TFSA, RRSP or pay off the mortgage? What should Ben do with $100,000

Q. I’m 55 years old, married and have a son who is 13 years old. Our gross household income is $85,000 and I have a $180,000 mortgage. I have not contributed to my RRSP in 15 years and have not started my TSFA. I have recently inherited $100,000. Please advise what is the best course of action—paying off the mortgage, contributing to an RRSP or starting a TSFA? Thanks, Ben

A: Thanks Ben for this interesting question. You don’t mention if you already have an RESP for your son’s post-secondary education? Or if you currently have any consumer (credit card) debt? Or do you have a work pension plan? Are you self- employed? You can already tell that my answer will be ‘it depends’.

RELATED: Tax-free way to pass on an inheritance while still alive

The best course of action is to line up your spending with your goals and values. If your son’s education is important, then perhaps you contribute to his RESP. If you have credit card debt, I would recommend reducing that high-interest debt as much as you can. (But only if there is a plan to not increase it again.) Do that before paying off the lower-interest mortgage.
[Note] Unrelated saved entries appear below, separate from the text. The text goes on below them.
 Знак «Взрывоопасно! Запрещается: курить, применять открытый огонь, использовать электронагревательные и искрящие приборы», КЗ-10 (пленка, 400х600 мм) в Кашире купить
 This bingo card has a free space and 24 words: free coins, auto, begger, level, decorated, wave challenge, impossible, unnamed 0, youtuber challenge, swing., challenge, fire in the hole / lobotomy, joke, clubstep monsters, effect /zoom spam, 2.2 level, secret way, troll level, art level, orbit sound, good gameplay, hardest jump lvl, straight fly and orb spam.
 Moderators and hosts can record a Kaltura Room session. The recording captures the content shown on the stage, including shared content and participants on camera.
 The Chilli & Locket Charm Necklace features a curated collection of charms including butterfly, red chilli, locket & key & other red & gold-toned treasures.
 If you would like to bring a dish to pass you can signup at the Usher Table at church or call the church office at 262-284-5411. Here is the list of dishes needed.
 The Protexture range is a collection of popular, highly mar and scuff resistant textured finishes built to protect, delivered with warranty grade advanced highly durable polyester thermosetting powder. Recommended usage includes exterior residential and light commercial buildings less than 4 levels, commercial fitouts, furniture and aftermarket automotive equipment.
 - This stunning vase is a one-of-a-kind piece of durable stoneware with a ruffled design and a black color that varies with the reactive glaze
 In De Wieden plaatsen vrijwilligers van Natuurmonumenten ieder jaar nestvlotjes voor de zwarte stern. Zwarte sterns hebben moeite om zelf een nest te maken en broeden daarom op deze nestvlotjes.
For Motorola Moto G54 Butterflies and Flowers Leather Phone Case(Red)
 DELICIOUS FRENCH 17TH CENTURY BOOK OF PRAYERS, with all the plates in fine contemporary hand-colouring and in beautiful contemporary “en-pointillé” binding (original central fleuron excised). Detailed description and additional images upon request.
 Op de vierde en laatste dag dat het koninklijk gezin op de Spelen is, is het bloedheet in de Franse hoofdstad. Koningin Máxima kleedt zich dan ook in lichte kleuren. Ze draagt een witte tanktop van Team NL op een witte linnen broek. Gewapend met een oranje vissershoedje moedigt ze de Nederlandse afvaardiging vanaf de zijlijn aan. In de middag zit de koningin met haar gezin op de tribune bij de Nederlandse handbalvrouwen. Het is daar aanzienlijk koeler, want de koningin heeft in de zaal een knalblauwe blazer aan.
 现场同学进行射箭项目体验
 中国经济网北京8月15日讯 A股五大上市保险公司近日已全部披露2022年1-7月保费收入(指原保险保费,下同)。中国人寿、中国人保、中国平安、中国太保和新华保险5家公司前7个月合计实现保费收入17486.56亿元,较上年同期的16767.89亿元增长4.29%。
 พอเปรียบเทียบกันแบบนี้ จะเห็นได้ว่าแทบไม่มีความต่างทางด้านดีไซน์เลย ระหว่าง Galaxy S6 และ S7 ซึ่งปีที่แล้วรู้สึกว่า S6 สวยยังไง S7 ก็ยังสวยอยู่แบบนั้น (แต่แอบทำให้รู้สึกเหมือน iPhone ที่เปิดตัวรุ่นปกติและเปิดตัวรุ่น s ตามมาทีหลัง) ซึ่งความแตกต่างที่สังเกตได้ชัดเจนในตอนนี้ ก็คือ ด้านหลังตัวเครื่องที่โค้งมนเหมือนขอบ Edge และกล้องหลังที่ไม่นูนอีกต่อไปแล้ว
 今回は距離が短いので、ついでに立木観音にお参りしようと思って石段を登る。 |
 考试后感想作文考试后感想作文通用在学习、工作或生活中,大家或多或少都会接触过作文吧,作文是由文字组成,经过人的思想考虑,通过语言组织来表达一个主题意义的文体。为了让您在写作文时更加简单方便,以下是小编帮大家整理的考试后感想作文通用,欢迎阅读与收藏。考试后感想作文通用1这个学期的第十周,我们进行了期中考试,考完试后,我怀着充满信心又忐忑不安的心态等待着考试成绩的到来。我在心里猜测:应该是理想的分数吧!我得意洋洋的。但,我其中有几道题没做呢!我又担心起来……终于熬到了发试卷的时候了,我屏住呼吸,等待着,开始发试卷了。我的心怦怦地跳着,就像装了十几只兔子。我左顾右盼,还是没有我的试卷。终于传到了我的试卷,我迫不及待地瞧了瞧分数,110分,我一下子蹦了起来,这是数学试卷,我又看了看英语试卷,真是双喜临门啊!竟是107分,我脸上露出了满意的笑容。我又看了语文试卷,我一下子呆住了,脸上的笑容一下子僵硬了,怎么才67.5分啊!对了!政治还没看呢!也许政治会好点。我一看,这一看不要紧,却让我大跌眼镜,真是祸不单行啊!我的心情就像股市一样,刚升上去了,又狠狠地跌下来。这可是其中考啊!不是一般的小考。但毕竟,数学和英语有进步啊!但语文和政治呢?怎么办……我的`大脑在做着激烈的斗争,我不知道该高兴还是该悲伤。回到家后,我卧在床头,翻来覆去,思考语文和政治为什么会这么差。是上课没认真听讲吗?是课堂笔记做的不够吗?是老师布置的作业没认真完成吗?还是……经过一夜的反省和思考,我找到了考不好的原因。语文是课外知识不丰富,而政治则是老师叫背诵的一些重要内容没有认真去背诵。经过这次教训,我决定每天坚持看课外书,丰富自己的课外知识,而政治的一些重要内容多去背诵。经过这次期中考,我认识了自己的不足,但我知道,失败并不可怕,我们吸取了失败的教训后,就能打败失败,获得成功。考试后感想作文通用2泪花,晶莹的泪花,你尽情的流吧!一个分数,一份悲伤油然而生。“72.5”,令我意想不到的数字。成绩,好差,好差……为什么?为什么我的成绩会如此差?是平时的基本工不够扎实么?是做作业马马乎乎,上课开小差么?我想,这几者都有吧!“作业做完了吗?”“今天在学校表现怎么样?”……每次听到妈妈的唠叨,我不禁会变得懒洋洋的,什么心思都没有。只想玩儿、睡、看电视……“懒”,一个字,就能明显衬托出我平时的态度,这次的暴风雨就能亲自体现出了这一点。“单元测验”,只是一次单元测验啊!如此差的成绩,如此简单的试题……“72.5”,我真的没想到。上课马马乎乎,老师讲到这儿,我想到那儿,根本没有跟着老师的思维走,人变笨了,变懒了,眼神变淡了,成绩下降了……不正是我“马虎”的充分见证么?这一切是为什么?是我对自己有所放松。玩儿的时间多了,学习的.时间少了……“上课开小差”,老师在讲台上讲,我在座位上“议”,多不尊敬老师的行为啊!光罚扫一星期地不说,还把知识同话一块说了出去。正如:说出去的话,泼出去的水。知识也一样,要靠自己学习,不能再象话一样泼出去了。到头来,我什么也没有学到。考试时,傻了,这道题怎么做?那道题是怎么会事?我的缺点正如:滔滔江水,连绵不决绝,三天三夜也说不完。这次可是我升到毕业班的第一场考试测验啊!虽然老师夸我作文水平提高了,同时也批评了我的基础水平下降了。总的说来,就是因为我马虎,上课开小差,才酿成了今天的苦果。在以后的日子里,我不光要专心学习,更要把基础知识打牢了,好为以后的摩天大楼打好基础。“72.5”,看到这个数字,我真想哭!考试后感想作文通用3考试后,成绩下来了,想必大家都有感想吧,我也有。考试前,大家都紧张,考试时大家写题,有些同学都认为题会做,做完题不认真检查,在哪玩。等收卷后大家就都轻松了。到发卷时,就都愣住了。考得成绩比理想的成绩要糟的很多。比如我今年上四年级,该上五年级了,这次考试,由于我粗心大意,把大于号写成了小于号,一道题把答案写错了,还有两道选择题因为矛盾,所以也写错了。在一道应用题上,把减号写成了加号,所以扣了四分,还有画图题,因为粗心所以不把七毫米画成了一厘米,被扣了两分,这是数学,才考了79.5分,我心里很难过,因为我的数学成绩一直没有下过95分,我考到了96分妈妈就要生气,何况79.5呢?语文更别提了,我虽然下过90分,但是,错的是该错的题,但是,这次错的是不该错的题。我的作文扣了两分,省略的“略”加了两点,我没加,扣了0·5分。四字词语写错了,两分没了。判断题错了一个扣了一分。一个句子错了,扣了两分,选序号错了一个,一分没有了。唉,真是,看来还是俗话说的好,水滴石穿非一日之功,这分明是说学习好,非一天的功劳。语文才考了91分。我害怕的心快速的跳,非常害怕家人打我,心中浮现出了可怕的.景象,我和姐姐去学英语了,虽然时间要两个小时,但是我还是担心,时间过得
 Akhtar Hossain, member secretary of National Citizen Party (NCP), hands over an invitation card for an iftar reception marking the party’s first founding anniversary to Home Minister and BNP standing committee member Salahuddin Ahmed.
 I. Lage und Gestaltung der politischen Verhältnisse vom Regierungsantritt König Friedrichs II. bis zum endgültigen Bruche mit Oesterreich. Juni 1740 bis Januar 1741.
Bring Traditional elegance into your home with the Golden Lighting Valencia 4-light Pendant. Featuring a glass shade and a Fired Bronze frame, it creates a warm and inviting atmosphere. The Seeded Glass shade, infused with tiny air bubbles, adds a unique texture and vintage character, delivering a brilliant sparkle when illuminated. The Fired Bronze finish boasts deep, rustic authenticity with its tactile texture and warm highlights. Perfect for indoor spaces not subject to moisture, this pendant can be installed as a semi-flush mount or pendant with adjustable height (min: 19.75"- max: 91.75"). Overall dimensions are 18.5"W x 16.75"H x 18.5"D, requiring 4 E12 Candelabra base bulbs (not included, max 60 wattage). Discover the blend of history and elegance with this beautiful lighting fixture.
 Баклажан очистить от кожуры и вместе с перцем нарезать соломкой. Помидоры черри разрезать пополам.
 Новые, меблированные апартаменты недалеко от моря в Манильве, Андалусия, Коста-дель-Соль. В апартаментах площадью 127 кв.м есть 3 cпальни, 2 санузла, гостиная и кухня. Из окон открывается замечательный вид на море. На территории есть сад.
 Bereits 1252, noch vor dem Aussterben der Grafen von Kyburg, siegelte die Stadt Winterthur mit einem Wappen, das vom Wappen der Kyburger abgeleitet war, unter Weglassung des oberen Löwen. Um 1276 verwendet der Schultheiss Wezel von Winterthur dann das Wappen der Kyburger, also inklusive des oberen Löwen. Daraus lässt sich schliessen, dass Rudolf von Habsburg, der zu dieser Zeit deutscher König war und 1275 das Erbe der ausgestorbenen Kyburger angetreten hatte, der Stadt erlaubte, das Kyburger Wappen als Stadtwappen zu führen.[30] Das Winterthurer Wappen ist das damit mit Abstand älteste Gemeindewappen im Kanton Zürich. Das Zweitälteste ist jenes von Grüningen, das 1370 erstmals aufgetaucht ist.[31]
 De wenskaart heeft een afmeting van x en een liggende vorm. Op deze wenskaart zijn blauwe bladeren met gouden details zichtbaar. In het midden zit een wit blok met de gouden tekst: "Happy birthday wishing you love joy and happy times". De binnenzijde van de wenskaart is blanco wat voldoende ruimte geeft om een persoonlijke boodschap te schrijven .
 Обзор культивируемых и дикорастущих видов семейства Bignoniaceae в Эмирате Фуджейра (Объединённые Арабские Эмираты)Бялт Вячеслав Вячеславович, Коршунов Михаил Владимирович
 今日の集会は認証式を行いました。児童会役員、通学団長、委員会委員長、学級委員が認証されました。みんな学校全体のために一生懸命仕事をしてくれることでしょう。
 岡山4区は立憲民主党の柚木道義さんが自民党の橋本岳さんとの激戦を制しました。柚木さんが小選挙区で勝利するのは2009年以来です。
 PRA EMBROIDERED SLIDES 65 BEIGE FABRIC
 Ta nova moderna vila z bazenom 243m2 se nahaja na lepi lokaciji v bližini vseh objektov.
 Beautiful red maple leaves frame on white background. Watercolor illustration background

Many people like to use inheritance money to buy or do something memorable in honour of the deceased person. Depending on what your share is of the household income, you could contribute to an RRSP (best if your income is higher for a better tax deduction) or to a TFSA (for any income level).  To determine your best course of action, I’d suggest you speak with a financial professional to help clarify your personal strategy.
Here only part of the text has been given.